Apple's Anti-Tampering Patent: Could It Make Mobile Payments Safe?

One of the biggest risks of mobile payments is the possibility that a smartphone has been tampered with, either physically or with malware, in ways that put payment accounts at risk by thieves. But a patent issued to Apple on February 1 suggests that the Cupertino crowd may have plans for detecting iPhone and iPad tampering in near real time—and even shutting down phones that have been tampered with.

Apple's patent application makes clear it's mainly aimed at iPhone abuse that would void the phone's warranty. But it's just as clear that the abuse-detection system could go much further than that. If Apple decides to use it to bolster the security of the iPhone and iPad for mobile payments, that could make the iPad much more secure for retailers as an in-store payments device used by employees—and make the iPhone a much safer way for customers to make mobile payments.

The patent, #7,880,591, is for a system for "detecting whether consumer abuse has occurred in an electronic device." Put simply, Apple's design works like this: A set of sensors identifies potential abuse from liquid immersion, extreme heat, physical shock or tampering. Any "abuse event" is logged in special tamper-proof memory, and the device is shut down—but it periodically wakes up to check whether the abuse is still going on.

If the device is still wet or hot or otherwise being abused, the device goes back to sleep. If the abuse has ended, the device runs a self-test and either flashes the iPhone equivalent of a "check engine" light or returns to normal operation. But the log of the abuse event remains, encrypted and password-protected. So if the device is returned to the manufacturer for service, a technician can identify any "abuse events" and whether that abuse could have caused the problem that needs repair.

In itself, this is a clever diagnostic system. And it should help Apple keep the warranty replacement costs down on future iPhones and iPads. (The patent specifically mentions its usefulness as a "countermeasure against crafty consumers," who want to file a false warranty claim when they've abused their devices.)

For retailers' IT departments, that's a potential pain. Employees rarely admit they do anything to IT equipment other than use it properly. A company-issued iPhone or iPad has never been dropped in a toilet, roasted on a hot car dashboard or bounced down a flight of steps. If Apple installs an abuse-detection system in future i-devices, a lot more warranty claims from IT departments could be rejected—and service contracts might start looking like a necessary expense.

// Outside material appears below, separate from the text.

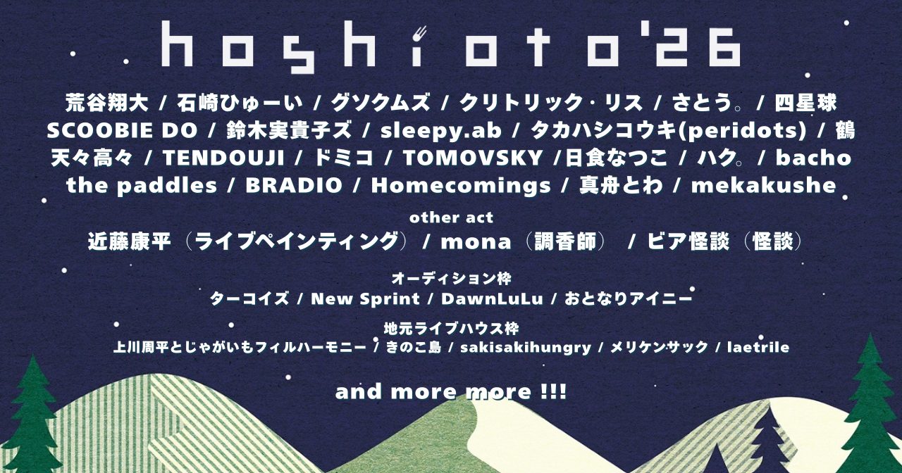 hoshiotoとは地元密着型、完全インディペンデントのローカル野外フェスティバルです。

But there's a much stronger reason this patent is interesting for retailers. Apple wants to be a player in mobile payments, and retailers want to use Apple devices for in-store payments. If Apple pushes the patent's ideas just a little further—periodically checking for both physical abuse and malware—that could help maintain the integrity of an iPhone or iPad as a payment device in two obvious ways.

The first is hardening the iPhone and iPad for use as in-store payment devices.

The first is hardening the iPhone and iPad for use as in-store payment devices. Apple uses iPhones in its own stores, where salespeople can check customers out on the spot, and it's a logical way for many retailers to use a tablet like the iPad. The problem: Handing a highly portable point-of-sale device to associates is a risky proposition. You don't want the devices accidentally damaged; it could cause glitches that make the customer experience less pleasant or that ring up the wrong sale.

You also don't want associates intentionally tampering with the devices with the intent of stealing payment-card information. It's no real surprise that the PCI Council is skittish about certifying mobile devices and software. Securing payment-card hardware and software is hard enough when it's installed in a store. But for associates, sneaking a mobile device home at night is relatively easy. And if an associate hacks the device by installing software to capture payment-card numbers, that blows away your PCI security.

But what if Apple extends its anti-tampering surveillance to include checking for software that shouldn't be on the device? Then a hacked tablet or phone would become a brick as soon as the system spots the tampering. It wouldn't just be a non-threat; it would also be a dead giveaway that the associate has done something very wrong with what's supposed to be a secure payment device.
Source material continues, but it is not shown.